Accurate measurement of function execution time
Small snapshot
Very lightweight: Low memory usage; time required to run an application under profiler does not change significantly.

Cons:

Number of calls for a function is not measured
Not all call stacks and functions are captured
No info about ETW events, TPL events, native functions.

When to use:

Evaluation of overall application performance and finding most obvious performance bottlenecks, i.e., the slowest functions.

Details

Sampling is a process or technique of taking samples. A sample is a set of call stacks taken during a profiling session. That leads us to two obvious questions: (1) how long is the pause between two given samples and (2) how much time does it take to get a sample. The answers to these questions can help us estimate the accuracy of the sampling method.

dotTrace captures call stacks of all existing threads within the process, sequentially without pauses. It also takes into account threads that are locked or sleeping.

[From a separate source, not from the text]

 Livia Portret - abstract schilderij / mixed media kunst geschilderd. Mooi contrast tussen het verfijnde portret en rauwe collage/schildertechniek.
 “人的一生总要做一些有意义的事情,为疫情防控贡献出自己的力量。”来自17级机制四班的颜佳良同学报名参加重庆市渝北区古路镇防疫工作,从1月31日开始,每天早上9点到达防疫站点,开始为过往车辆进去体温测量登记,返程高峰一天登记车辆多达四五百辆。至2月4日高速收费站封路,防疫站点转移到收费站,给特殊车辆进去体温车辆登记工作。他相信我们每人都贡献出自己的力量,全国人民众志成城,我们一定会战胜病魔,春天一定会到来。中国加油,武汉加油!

The time required for capturing a call stack cannot be precisely determined because it depends on the stack depth and the number of native and managed stack frames. Therefore, the time required to take a sample necessarily varies from sample to sample and depends on the number of currently running threads.

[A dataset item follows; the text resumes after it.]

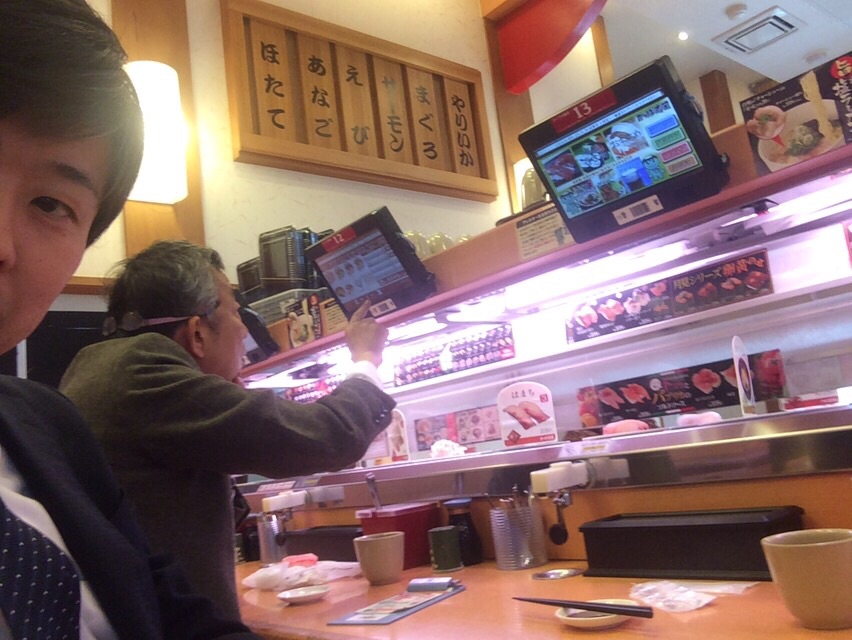 お昼はかっぱ寿司です! 発祥の地との話が。

dotTrace makes pauses between taking samples. The pause is the time gone by after dotTrace stops processing thread activities for the previous sample and before it starts processing again for the next sample. The length of each pause is a random value between 5 and 11 milliseconds. Random values help decrease the probability of having gaps in call stacks. During such pauses application continues running normally.

One consequence of this is that, since the time between samples is at least 5 milliseconds, methods that run quickly enough may not be caught and shown in a snapshot. However, this does not prevent dotTrace from getting the correct time data. Two situations are possible. If a method is fast and is called many times, it will be caught and shown in a snapshot. If a method is fast, but is called rarely, then it may be omitted in a snapshot, but its time will be included in total time of its parent. In other words, if the total time of a method is significant, it will be counted.

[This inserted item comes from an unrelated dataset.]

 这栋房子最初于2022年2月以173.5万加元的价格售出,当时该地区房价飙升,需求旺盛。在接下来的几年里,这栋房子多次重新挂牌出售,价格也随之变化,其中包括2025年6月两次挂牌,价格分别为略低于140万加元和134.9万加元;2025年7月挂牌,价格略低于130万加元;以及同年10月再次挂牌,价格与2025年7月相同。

All in all, this profiling method provides time data that helps reveal problem call stacks, but it fails to provide numbers of function calls. Still this method is the fastest and can be a solid first step to localize performance problems.

Timeline

Short overview

dotTrace records application events and writes data about how application state changed. Based on ETW events. Oversimplified – as a result you get data similar to the sampling profiling but with all events shown on the timeline.

Pros:

Accurate measurement of function execution time. Function calls are shown on the timeline
Lightweight: time required to run an application under profiler does not change significantly
Provides ETW event data, e.g., data about memory allocation, garbage collections, I/O operations, and so on
Can provide TPL data: await and continuation blocks for async functions
Can provide data on native functions in the call tree (requires symbol files)

Cons:

Number of calls for a function is not measured
Not all call stacks and functions are captured
Snapshots might be quite large

When to use:

Evaluation of overall application performance and finding most obvious performance bottlenecks, i.e., the slowest functions
Identifying the cause of user interface freezes
Identifying excessive garbage collections and I/O operations
Determining issues in multithreaded applications like irregular work distribution, lock contention, serialized execution, and other

Details

The timeline profiling type is very close to the sampling profiling. Both collect call stack data and allow determining performance bottlenecks. The main difference is that during the timeline profiling, dotTrace doesn't collect samples by itself but gets application data from the Event Tracing for Windows (ETW).

The main benefit of the timeline profiling is that it allows you to see not only what calls were made by your application but also how these calls were distributed in time. This can be extremely helpful when analyzing behavior of multi-threaded applications where the chronological order of events does matter: for example, in determining sync delays, the cause of UI freezes, and so on.

Another benefit is that timeline profiling collects a wider range of data. In addition to call stack data, it records memory allocation, garbage collection, and I/O events.

Tracing

Short overview

CLR notifies dotTrace each time a particular function is entered and when it is left. dotTrace measures time between these two notifications.

Pros:

Accurate measurement of number of function calls
All call stacks and functions are captured, except inlined functions

Cons:

Inaccurate measurement of function execution time due to dependencies between time distortions and number of function calls
Heavyweight: More time required to run an application under profiler; snapshots may be quite large; higher memory usage
No info about ETW events, TPL events, native functions

When to use:

Evaluation of algorithm complexity, e.g., when performance issues are related to frequent function calls.

Details

Unlike sampling, tracing revolves around a function, or more precisely, around function entry and exit.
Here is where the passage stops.